Canada’s chief public health officer, Dr Theresa Tam, says Canada has secured a “sufficient” supply of bivalent vaccines if regulators give the go-ahead for a rollout.

Infectious disease specialist Dr. Zain Chagla said he expects to see more countries allow bivalent vaccines in the coming weeks and months, which should give Canada time to integrate vaccines updated in its fall vaccination campaign.

How do bivalent boosters compare to original vaccines?

Currently available COVID-19 vaccines are monovalent – ​​suitable only for the original novel coronavirus. In addition to defending against this earlier strain, the proposed bivalent vaccines have been designed to recognize specific mutations in Omicron’s spike protein that make it more effective at evading immune detection.

These updated vaccines may provide additional “gradual” protection against Omicron uptake, but the extent remains to be seen, Tam said.

Chagla, an associate professor at McMaster University in Hamilton, said bivalent vaccines might not be the game-changer some were hoping for in curbing the spread of the virus.

While the BA.4 and BA.5 Omicron subvariants are gaining traction across much of the country, bivalent vaccines tailored to BA.1 might not be much better than a first-generation booster when it comes to light. acts to deter COVID-19 infection, Chagla said.

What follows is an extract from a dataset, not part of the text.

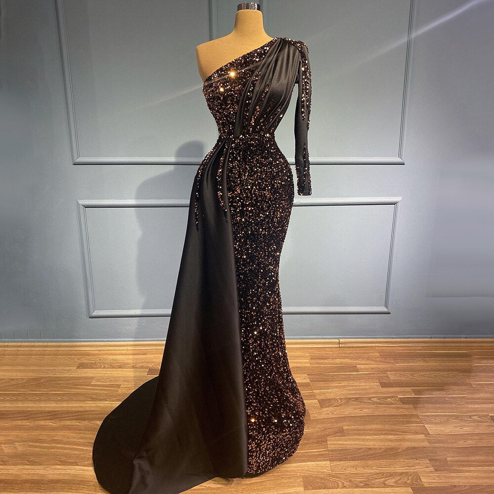 Black Mermaid One Shoulder Evening Dresses Gowns 2025 Sequin Luxury Elegant For Women Party LA71542

Emerging research suggests that the protection provided by currently available boosters diminishes within six to eight weeks, Chagla said. He expects bivalent vaccines to extend that period by a few more weeks, not months.

“I’m happy to be wrong,” he said. “But I don’t know if it will reset the clock.”

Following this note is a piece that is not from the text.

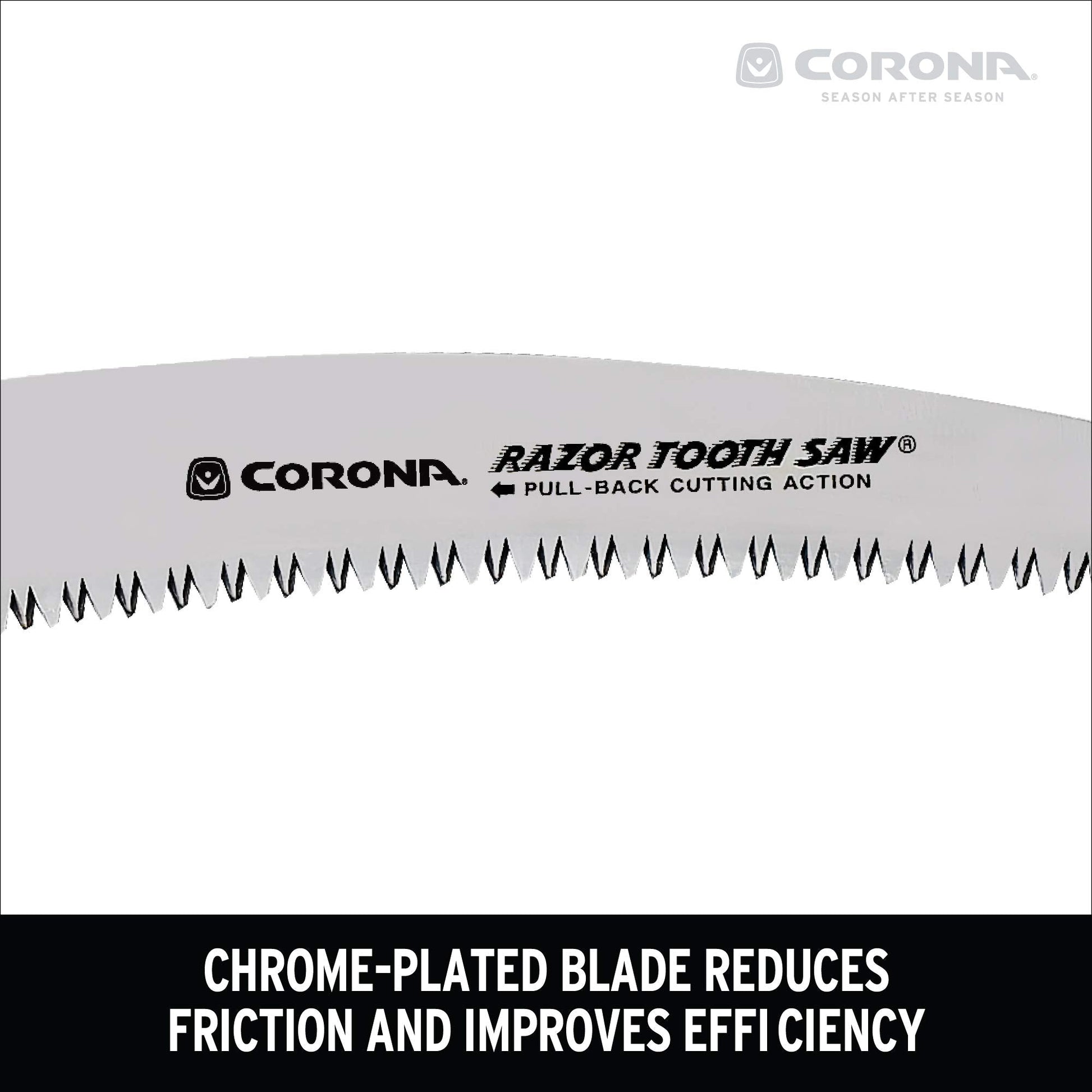 Details: Combining RazorTOOTH SAW® technology and an ergonomic non-slip handle, this 10-inch Corona folding saw gives you a confident and comfortable grip while efficiently cutting through green or dry branches with twice the speed of a conventional hand saw. The 10-inch curved blade has an extended reach and can cut branches up to 6-inches in diameter, making it ideal for tree trimming and a great addition to your workshop or essential gardening hand tools. When folded, the handle fully covers the teeth of the blade for safe, compact storage and easy transportation when camping, backpacking, hiking or ATV riding.

Old and new versions of COVID-19 vaccines are effective in preventing serious consequences of COVID-19, he noted.

Should I wait before receiving a bivalent vaccine?

The short answer is: it depends.

Provinces have expanded access to the fourth — and in Quebec, the fifth — doses of the original COVID-19 vaccine on the expectation that COVID-19 cases will rise as temperatures drop.

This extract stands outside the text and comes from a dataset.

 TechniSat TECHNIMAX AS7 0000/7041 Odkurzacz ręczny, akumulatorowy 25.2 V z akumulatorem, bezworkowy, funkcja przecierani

With the healthcare system already stretched to its limits, the priority must be to strengthen those most at risk of landing in hospital, such as the immunocompromised and the elderly, Chagla said.

But since more of the population has acquired hybrid immunity, it wouldn’t be unreasonable for people at low risk to wait for the latest version of the vaccine, Chagla said.

Tam encouraged Canadians to weigh both their personal risk and the level of spread of COVID-19 in their community. But if more than six months have passed since your last infection or vaccination, you might want to roll up your sleeves for another shot before the cold sets in, she said.

“If you’ve waited too long, the wave might start,” she said. “So you don’t get as much benefit from it.”

And after?

A key challenge in controlling COVID-19 is that the evolution of the virus has far exceeded the time it takes to develop, test, manufacture, review and deploy a vaccine capable of countering the latest mutation.

“By the time the wave hits – two to three months – it’s barely enough to scratch the surface of getting a new vaccine,” he said. “There’s this catch-up game that happens all the time.”

He hopes the inaugural rollout of bivalent vaccines could provide “proof of concept” that will speed up this process for future iterations of the vaccine, the same way the flu vaccine is modified each fall to target variants that are circulating.

“There’s nothing wrong with it being a flu season-like pattern, where people are just being updated for a while,” he said.

Although we cannot expect perfect protection against disease, we can have the tools to prevent serious illness in the most vulnerable.

“We are lucky to have this technology.”